The 2007 Weber State-Portland State football game was a college football game held on October 27 at PGE Park, now known as Providence Park, in Portland, Oregon. It pitted the Portland State Vikings against the Weber State Wildcats. The Wildcats defeated the Vikings 73–68. The two teams combined for 141 points, setting a National Collegiate Athletic Association (NCAA) all-division record for most points scored in a game.

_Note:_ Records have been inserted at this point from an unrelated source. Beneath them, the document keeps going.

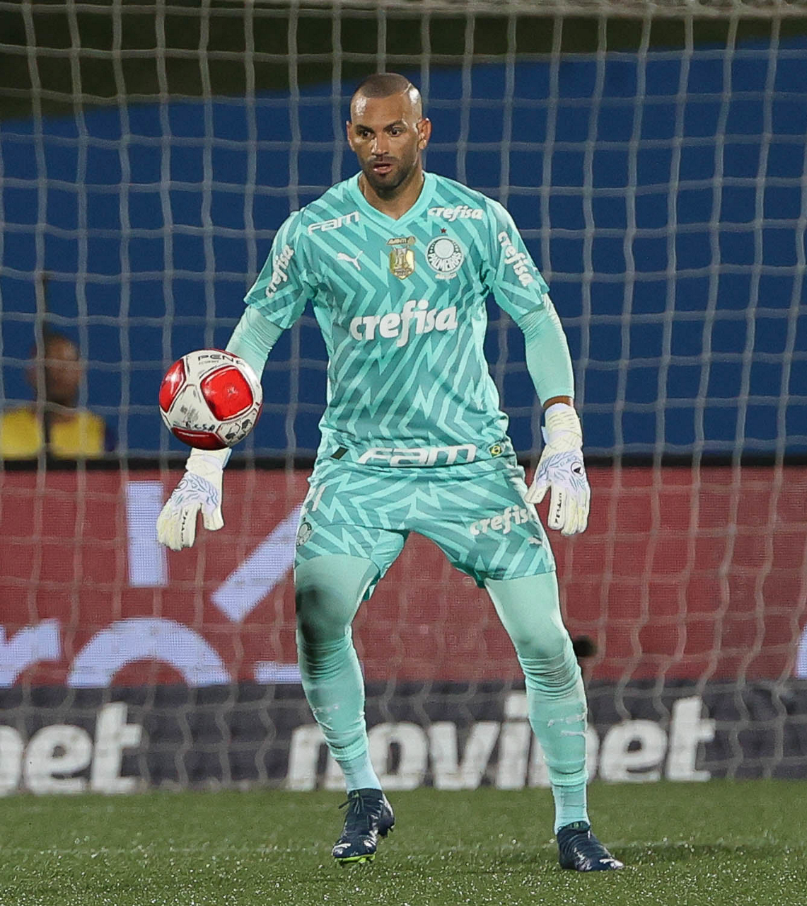 O goleiro Weverton, da SE Palmeiras, em jogo contra a equipe do EC Santo André, durante partida válida pela quinta rodada, do Campeonato Paulista, Série A1, no Estádio Bruno José Daniel. (Foto: Cesar Greco/Palmeiras/by Canon)
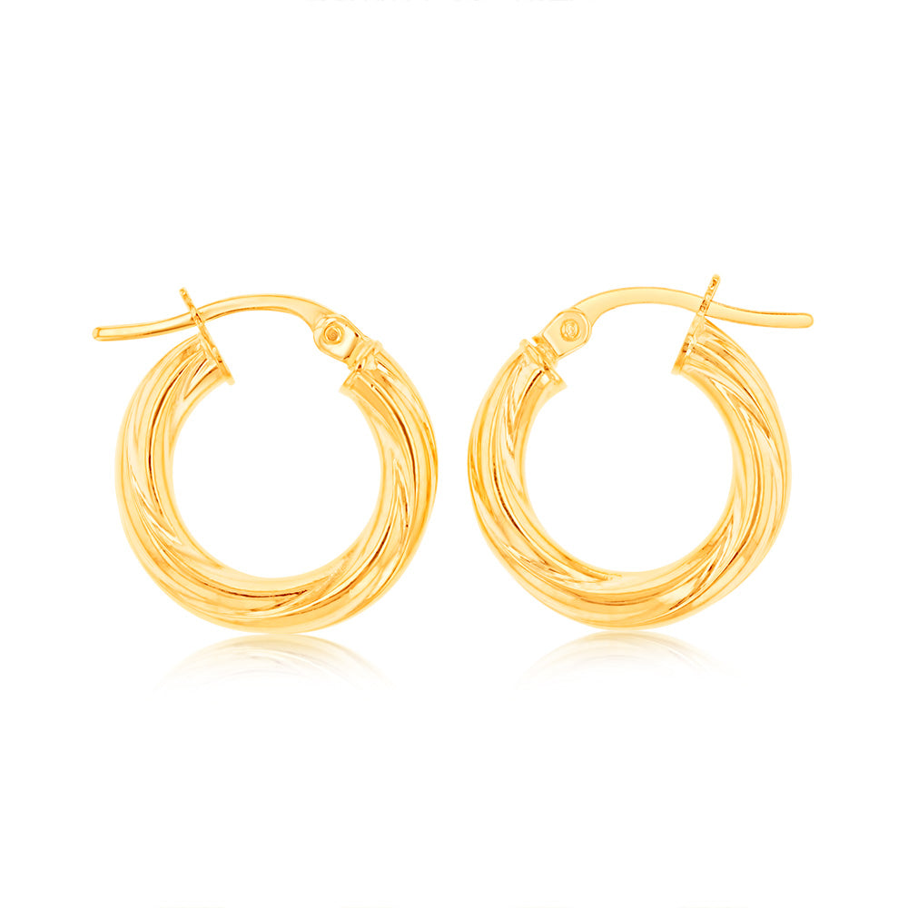 9ct Yellow Gold 10mm Small Twist Hoop Earrings
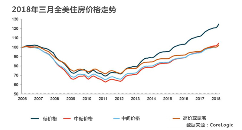 上图显示各个不同“段位”的房屋价值从2006年1月起的变化情况,不难发现,低价房屋从2013年开始价格涨幅要明显领先于其他类型,此后也一直保持稳定。如果将视野拉长至五年(2013年3月至2018年3月),低价房屋在五年里升值率为55%。尽管涨幅无法和中国房产市场相提并论,但就其历史水平而言,已经是高涨幅。
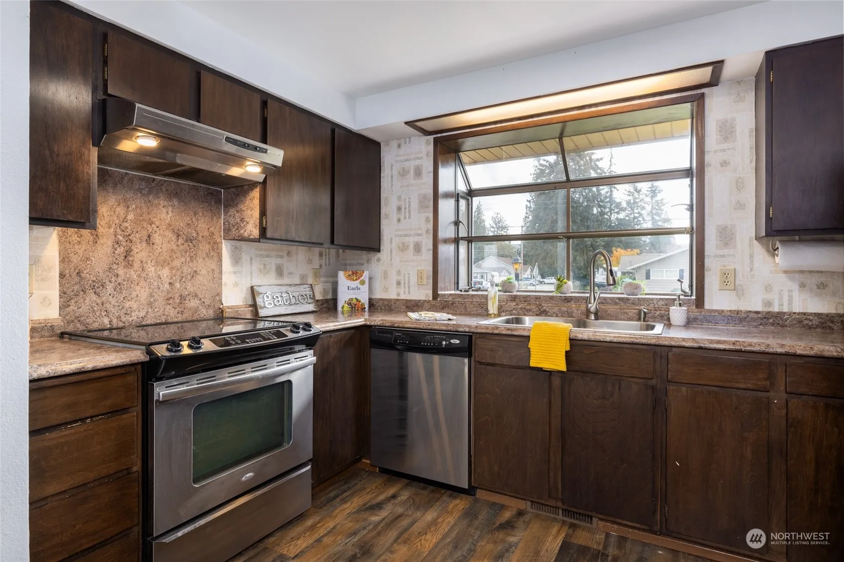 Welcome to this charming single-level brick home, where comfort and quality blend. The spacious primary bedroom invites you outdoors through sliding glass doors, revealing a private and lush backyard with majestic trees. Say goodbye to carpet, this home has laminate throughout. Bedrooms boast walk-in closets. Spend cozy winter nights by the wood-burning stove, a perfect retreat from the cold. Then there’s the ultimate bonus room, an insulated and heated outbuilding—a versatile space that could be your new art studio, playroom, or accessory dwelling unit for guests, with the potential for extra income (buyer to verify). With an attached garage and a peaceful neighborhood, this home offers everything you need to create your own sanctuary.

This record lasted only two weeks, as on November 10, Hartwick defeated Utica 72–70 in a four-overtime Division III game. In the second round of the NCAA Division II playoffs on November 24, Chadron State defeated Abilene Christian 76–73 in three overtimes after coming back from a 49–20 fourth-quarter deficit to tie the game at 56 at the end of regulation. The following year, in the same round of the Division II playoffs, that record was smashed when Abilene Christian defeated West Texas A&M 93–68 on November 22, 2008. The Weber State-Portland State game held the record for most points scored in a Division I college football game, until November 24, 2018, when Texas A&M defeated LSU by a score of 74–72 in a seven-overtime game.

==Game summary==

Weber State scored 35 points in the second quarter to take a 38–27 lead at halftime. By then, the Wildcats already had 443 yards in total offense – 10 yards more than its previous season high for an entire game. Portland State made up for its shaky defense with a high-powered offense that started the second half with a pair of touchdown passes from Drew Hubel, first to David Lewis and then to Tremayne Kirkland, which put the Vikings in front 41–38. Portland State had its last lead of the game when Hubel hit Lewis with an 8-yard touchdown pass at 8:15 of the third quarter to make it 48–45. The Wildcats took the lead for good on their next possession, which chewed up nearly six minutes and culminated with Cameron Higgins 4-yard touchdown pass to Akamu Aki to make the score 52–48. Weber State followed that with Bryant Eteuati's 77-yard punt return for a touchdown and Higgins' 4-yard scoring run, which pushed the Wildcats' advantage to 66–48 early in the fourth quarter. The teams traded touchdowns after that, leaving Weber State in front 73–55 with 4:22 left. Hubel, who was making his first college start, threw his ninth touchdown pass and Andy Shantz returned a fumble 84 yards for a touchdown with 31 seconds left. Hubel's nine touchdown passes set a school and Big Sky Conference record, and also equaled the then-current Division I FCS record for single-game TD passes set in 1984 by Willie Totten of Mississippi Valley State. (Note: This record eventually fell in 2021 when Ren Hefley of Presbyterian threw for 10 TDs against NAIA member St. Andrews.) The Vikings failed to recover the onside kick and Weber State managed to run out the clock.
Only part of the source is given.